Armenia has been scrambling to add hospital capacity as its outbreak of COVID-19 continues to grow.
At a June 6 press conference, Prime Minister Nikol Pashinyan said that patients were not being treated properly and even dying because the country’s hospitals had been overwhelmed.
“Two hundred people [with the disease] are waiting to be hospitalized,” he said. “Moreover, our health care system is so overwhelmed that a person died because of a late response … two people have died because they needed to be in intensive care but had to be cared for in the general part of the hospital due to a lack of intensive care beds.”
Armenia has 186 intensive-care beds, and health officials have been warning that that was soon not going to be enough. The country’s outbreak is the most serious in the region, with a total of 8,933 active cases as of June 9, with 217 patients dying of the disease and a further 74 dying while they had the disease.
On June 6, the country announced its highest number of new cases to date: 766, nearly as much as neighboring Georgia has registered throughout the entire pandemic. On June 8, though, the numbers were positive: Armenia registered 350 new cases but those were outnumbered by the number of recoveries, 352. Still, a high proportion of positive tests suggests that Armenia’s official numbers, as high as they are, may in fact be an undercount.
There are currently nine state hospitals treating coronavirus patients: six in Yerevan and others in Artashat, Gyumri, and Vanadzor. Two private hospitals in Yerevan also have been treating patients.
On June 7, Pashinyan announced that a new testing and diagnosis center had been established at the National Burn Center; previously the only such facility was the Nork Infectious Clinic Hospital.
Yerevan’s only polyclinic that has been testing and treating coronavirus patients says it has been overwhelmed. "During these past few days we get about 70 people [per day] with respiratory disease, we are testing 60-70 percent of them," said Nona Postoyan, a doctor at the Saint Grigor Lusavorich polyclinic in Yerevan, in an interview with Armenian Public Radio.
Meanwhile, health officials have been complaining that the government hasn’t been doing all it can to maximize hospital capacity.
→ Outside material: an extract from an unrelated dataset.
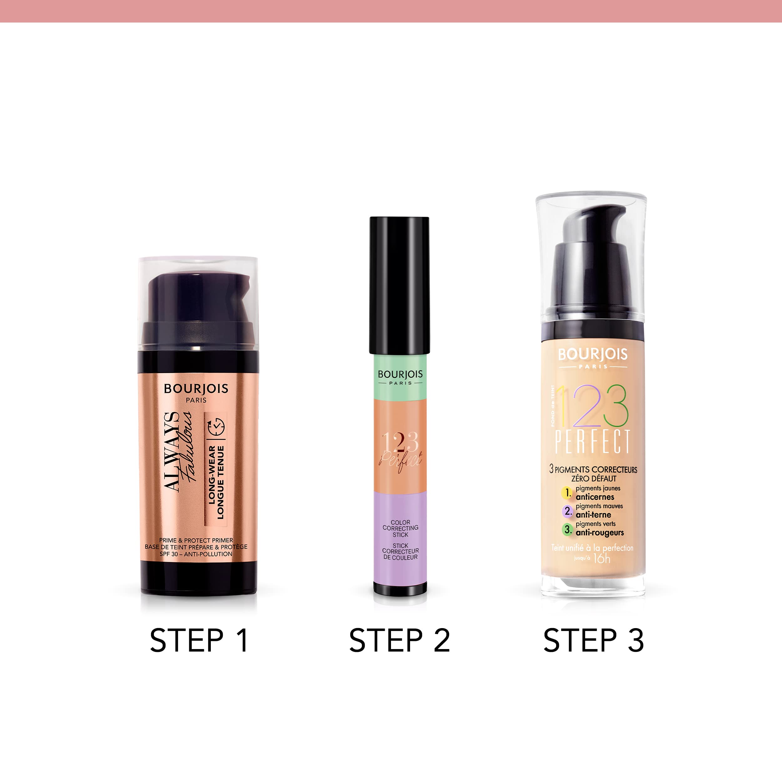 Wyrównaj koloryt skóry, by cieszyć się idealną cerą. Zacznij dzień z podkładem Bourjois 1,2,3 Perfect, aby cieszyć się nieskazitelną cerą i perfekcją, która trwa aż do 16 godzin. Jego innowacyjna formuła zawiera 3 pigmenty korygujące, które perfekcyjnie maskują niedoskonałości skóry: (1) Żółte pigmenty maskują cienie pod oczami i nadają cerze wypoczęty wygląd; (2) Fioletoworóżowe pigmenty korygują szary odcień skóry i nadają jej promienny wygląd; (3) Zielone pigmenty neutralizują zaczerwienienia, aby wyrównać koloryt cery. A zatem na co czekasz? Kiedy chcesz wyglądać olśniewająco przez cały dzień, podkład 1,2,3 Perfect bez problemu zadba o idealny wygląd Twojej cery, wyrównując koloryt skóry. Wymieszaj go palcami, aby uzyskać kryjący efekt bez smug, lub użyj gąbeczki, aby zapewnić olśniewający, lekki rezultat. Jedna warstwa zapewnia średnie pokrycie, ale możesz bez obaw nałożyć drugą. Dla nieskazitelnego, półmatowego efektu, który rozjaśni nawet najbardziej zmęczoną cerę, a w dodatku trwa, i trwa, i trwa… Podkład Bourjois 1,2,3 Perfect na pewno zasługuje na miejsce na Twojej liście najlepszych kosmetycznych trików.

The head of the board of trustees of Yerevan State Medical University, Vahan Artsruni, said on June 7 that the university hospital had set up an isolation ward for COVID-19 patients and announced it as early as March 25. "Since March, this special COVID isolation ward with fully staffed specialists, equipment, and medical means has been EMPTY and unused, for unknown reasons,” Artsruni wrote on Facebook.
The next day, Deputy Minister of Health Artyom Smbatyan responded in his own Facebook post that the ministry had only just learned about the new isolation ward and would start using it immediately.
On June 8, Health Minister Arsen Torosyan announced several expansions of hospital capacity in various parts of Armenia. “Regional medical centers also have started treating COVID-19 patients, including in Vedi (100 beds), Spitak (100 beds), Dilijan (60 beds), and Martuni (40 beds),” he said in a briefing. Two other hospitals in Yerevan also increased their capacity, bringing a total of 350 new beds for COVID-19 patients, he said
"Some of those centers have oxygen therapy capabilities, which can obviate the subsequent need for ventilators for some patients," he added.
During the same briefing, Pashinyan announced that, after a week being diagnosed with COVID-19 himself, he and his wife and children had all recovered.
As the number of coronavirus patients has grown, health officials have been saying that patients with no or mild symptoms will be treated at home. But it has recently emerged that actual treatment for coronavirus patients at home is virtually non-existent.
"We are not doing home treatments,” said the head of Yerevan’s ambulance services, Taguhi Stepanyan, in a June 8 interview with RFE/RL’s Armenian service. “In most cases, people who show symptoms contacting polyclinics. We come only when the patient's condition worsens. When people show symptoms, we test and hospitalize them."
Polyclinics also have not been treating coronavirus patients at home.
"We [polyclinics] are not treating cases where people have headaches and high fevers. We can advise them to take paracetamol. If the situation is worsening and the person, let’s say, gets pneumonia, they have to be hospitalized, " Samvel Hayrumyan, a Ministry of Health consultant, said in an interview with Armenian Public Radio on June 8.
About “50 to 60 percent” of ambulance calls in Yerevan in recent days are suspected COVID-19 cases, Stepanyan said. That has also overwhelmed the ambulance capacity, she said. “It happens in some cases that we respond late. I apologize for that, but after every corona patient we have to sanitize the cars and the medical staff,” she said.
Ani Mejlumyan is a reporter based in Yerevan.